Updated on 2025-11-19 GMT+08:00

Importing Data

Before using ModelArts Studio, you need to prepare OBS buckets and resource pools to support subsequent model tuning, compression, and deployment tasks, as well as storage of model tuning and task log files.

  1. Prepare ModelArts Studio resources. For details, see Preparations.
  2. Prepare a training dataset.

Before importing the NLP pre-training dataset to the platform, you need to preprocess the dataset according to the data format described in Preprocessing Data.

In addition, when you import a dataset from OBS to ModelArts Studio, the size of a single file cannot exceed 50 GB, and the number of files is not limited. For details, see Format Requirements for Text Datasets.

  1. Log in to ModelArts Studio and access the desired workspace.
  2. In the navigation pane, choose Data Engineering > Data Acquisition. On the Import Task page, click Create Import Job in the upper right corner.
  3. On the Create Import Job page, select the dataset type and file format, and set the import source to OBS.
    Figure 1 Create Import Job
  1. Enter the dataset name and description. Enter extended information if required.
    Extended Info includes Dataset Property and Dataset Copyright.
    • Dataset Property: You can add industry, language, and custom information to a dataset.
    • Dataset Copyright: In addition to users' self-built datasets, open-source datasets may be used for model training. The dataset copyright function is used to record and manage the copyright information of datasets to ensure that data is used in compliance with laws and regulations and clearly understand the dataset sources and related copyright authorization.
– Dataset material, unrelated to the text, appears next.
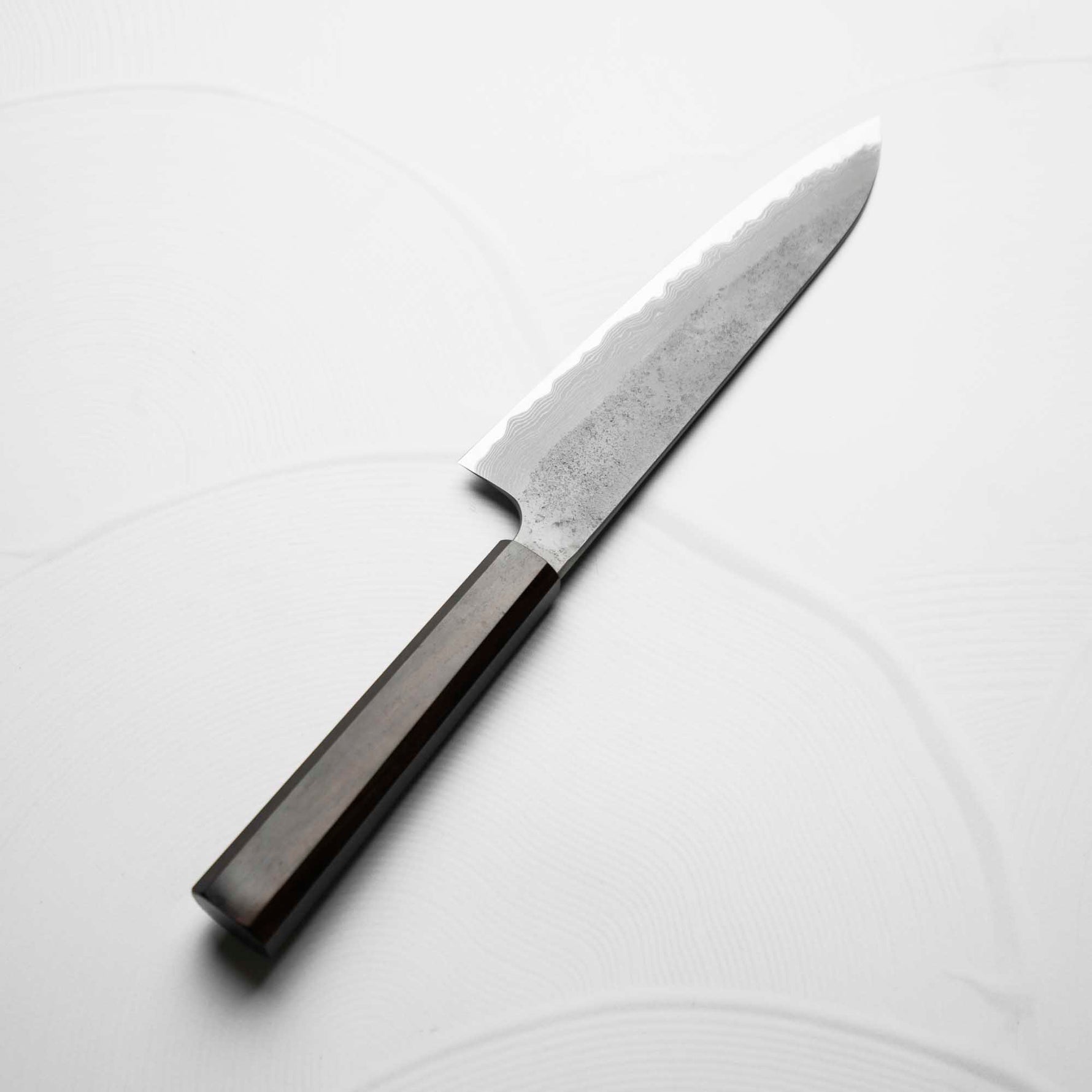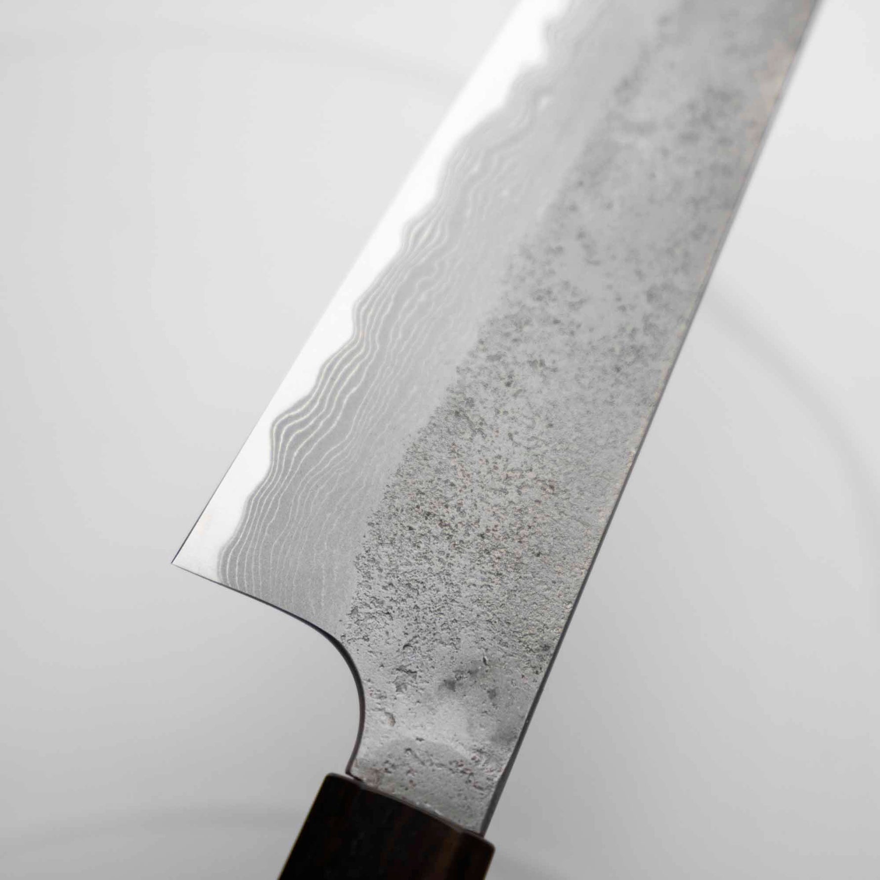 Nigara Hamono are truly some of the most experienced knifemakers in Japan. Now on their 8th generation of blacksmiths, they are masters at stainless damascus forging and heat treatment. The Anmon Damascus we have available have a matte finish and are polished underneath, resulting in a brilliant visual contrast.

By filling in the information, you can trace the source of the data and specify the restrictions and permissions for using the data, thereby protecting data copyright and avoiding copyright disputes.
  2. Click Create Now in the lower right corner of the page to return to the Import Task page. On the page that is displayed, you can view the task status of the dataset. If the task status is Succeeded, the data is successfully imported.
  3. To view the imported dataset, choose Data Engineering > Data Management > Datasets, and click the Original Dataset tab.